Overall, the results described herein demonstrate that guide RNA scaffolds with mutations in the pseudoknot stem region can produce gene editing.

Claims

1. A recombinant adeno-associated virus (rAAV) transgene wherein

a. the transgene comprises:

i) a polynucleotide sequence encoding a CasX protein comprising a sequence selected from the group consisting of SEQ ID NOS: 137-512, 9382-9542, and 9607-9609, or a sequence having at least about 70% sequence identity thereto; and

ii) a polynucleotide sequence encoding a first guide RNA (gRNA) comprising a targeting sequence of 15 to 20 nucleotides complementary to a target nucleic acid of a cell;

b. the transgene has less than about 4700 nucleotides; and

c. the rAAV transgene is configured for incorporation into a rAAV capsid.

2. The rAAV transgene of claim 1, wherein the CasX protein comprises a sequence selected from the group consisting of SEQ ID NOS: 137-512, 9382-9542 and 9607-9609.

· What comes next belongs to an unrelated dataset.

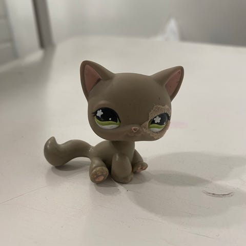 Littlest Pet Shop -merkkinen kissahahmoinen lelufiguuri, jossa on vaaleanharmaa ja valkoinen kissakuviointi ja suuret siniset silmät. Figuuri on pienikokoinen ja soveltuu keräilyyn tai leikkeihin.
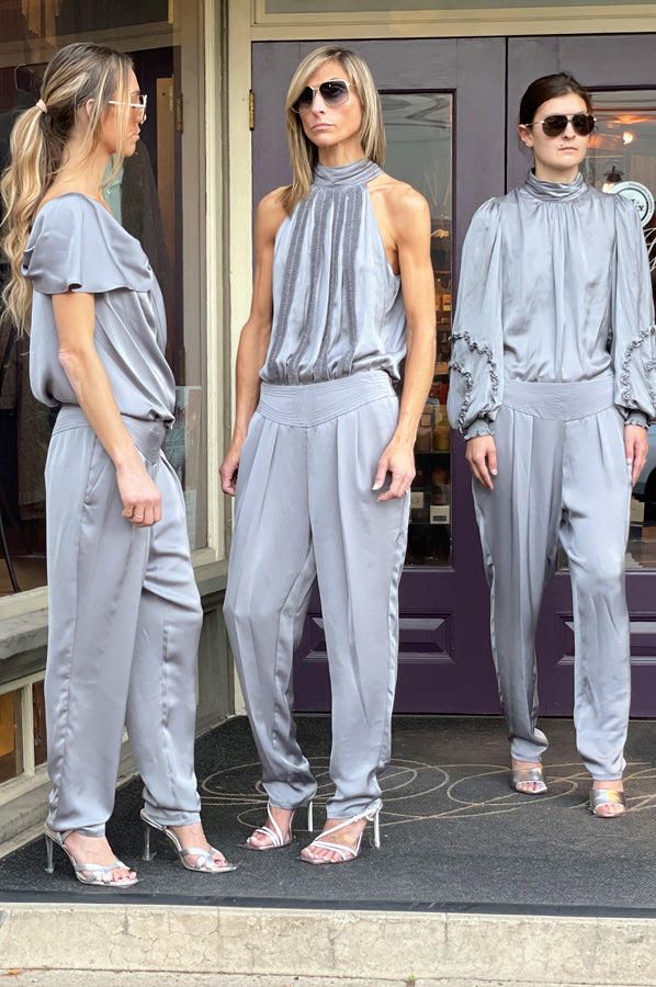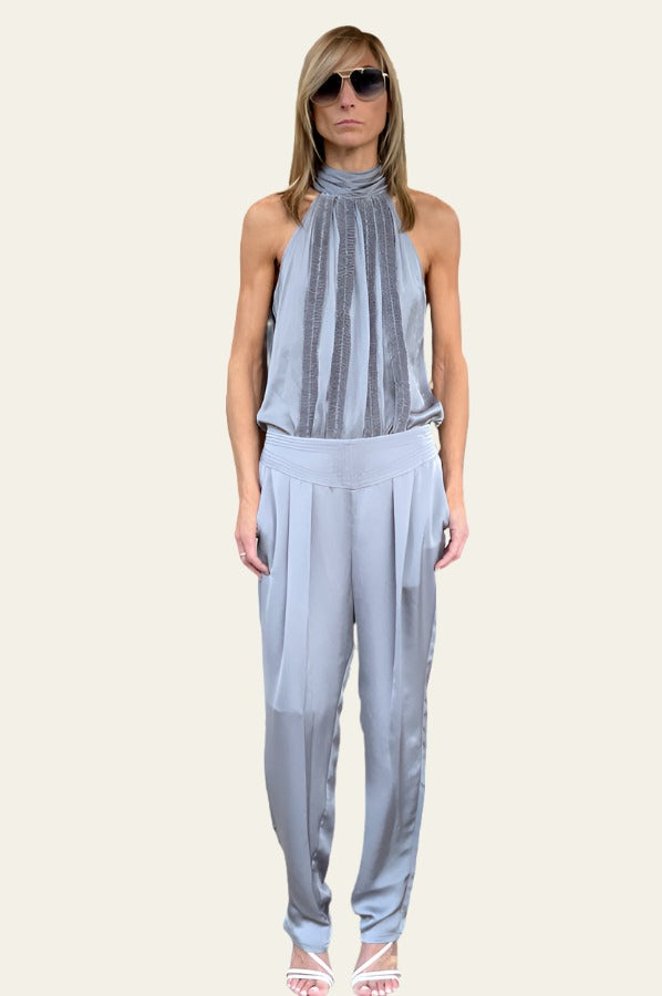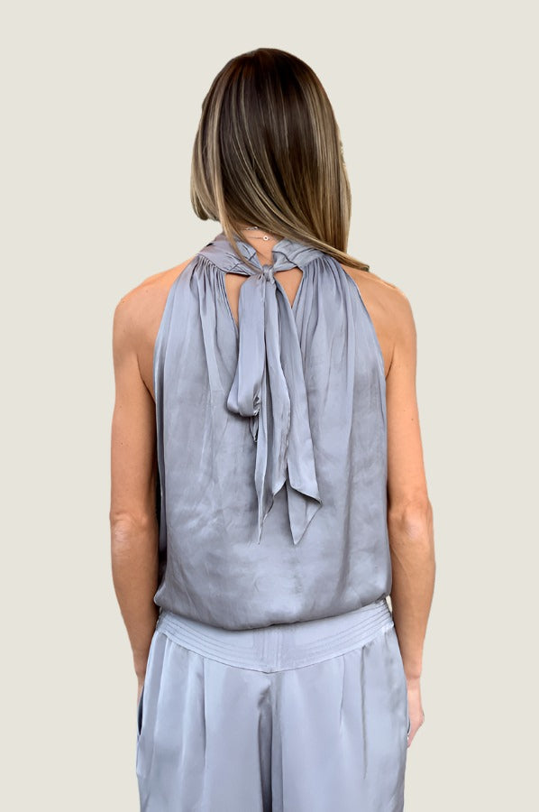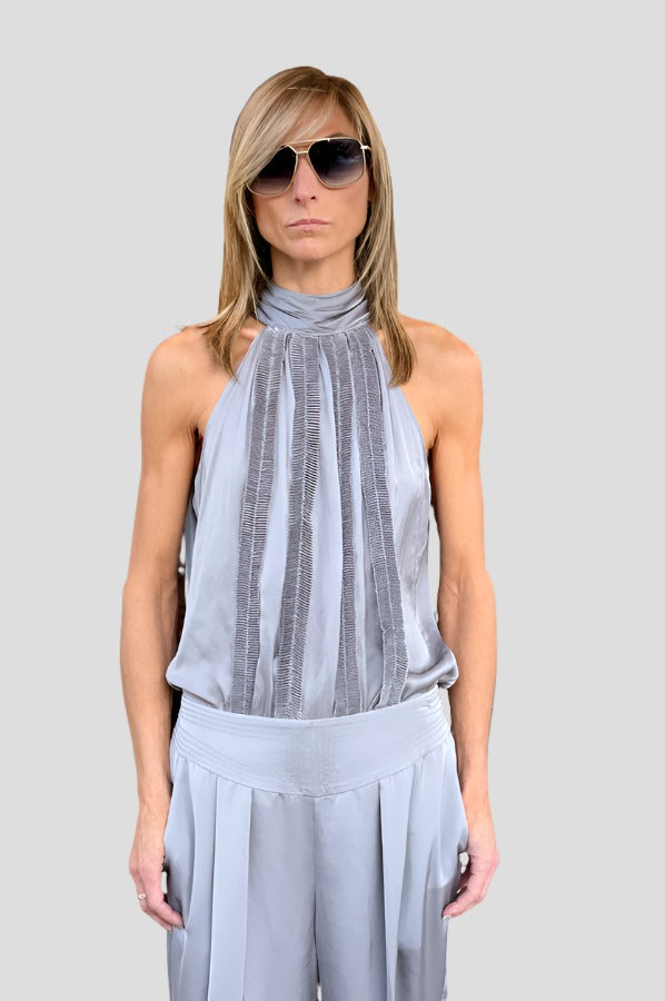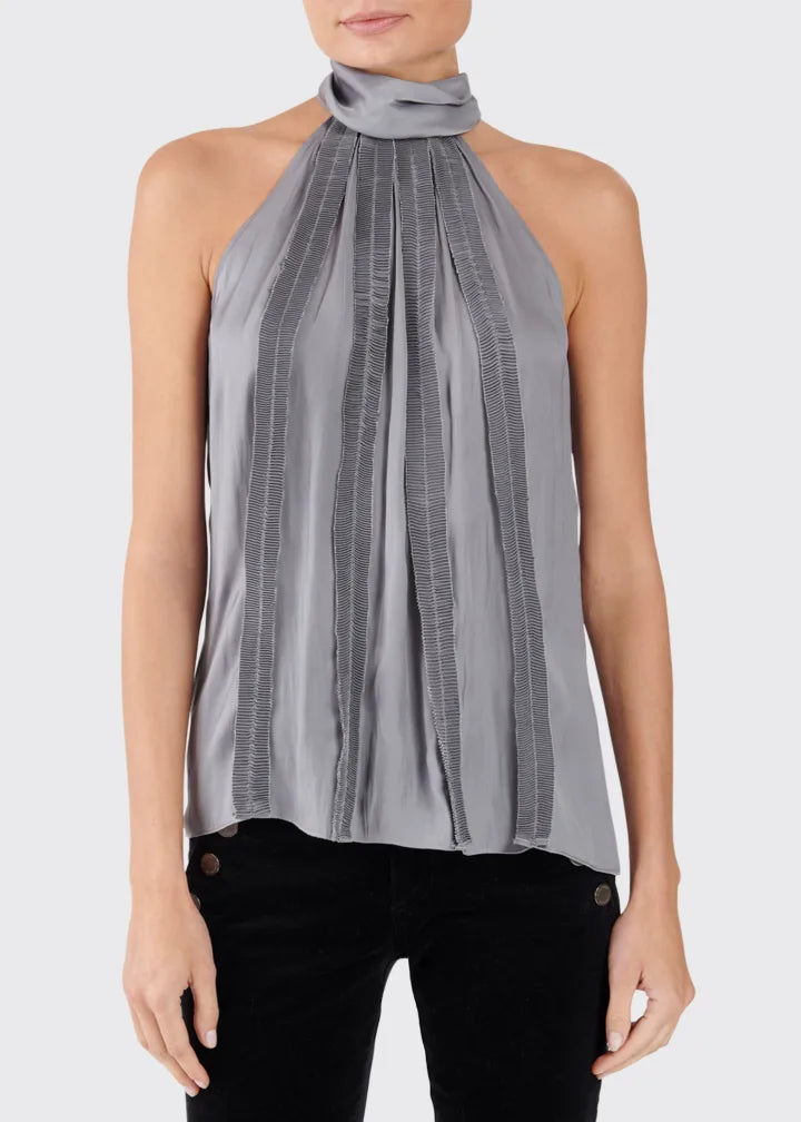 This glossy, high-neck halter features ribboning that radiates from collarbone and nods a dapper tuxedo, making it absolutely perfect for your next cocktail hour or dinner party.

3. The rAAV of claim 1 or claim 2, wherein the wherein the CasX protein is a CasX variant selected from the group consisting of SEQ ID NOS: 9385, 9391, 9393, 9401, 9409, 9417, 9419, 9423, 9429, 9443, 9444, 9447, 9449, 9450, 9452, 9453, 9455, 9456, 9458, 9462, 9466, 9469, 9470, 9472, 9478, 9483, 9485, 9491, 9495, 9499, 9501, 9512, 9513, 9517, 9519, 9521, 9536, 9542, 9607, and 9609, wherein the encoded CasX variant exhibits improved editing of a target nucleic acid in an in vitro assay, compared to a CasX variant of SEQ ID NO: 197 and assayed under comparable conditions.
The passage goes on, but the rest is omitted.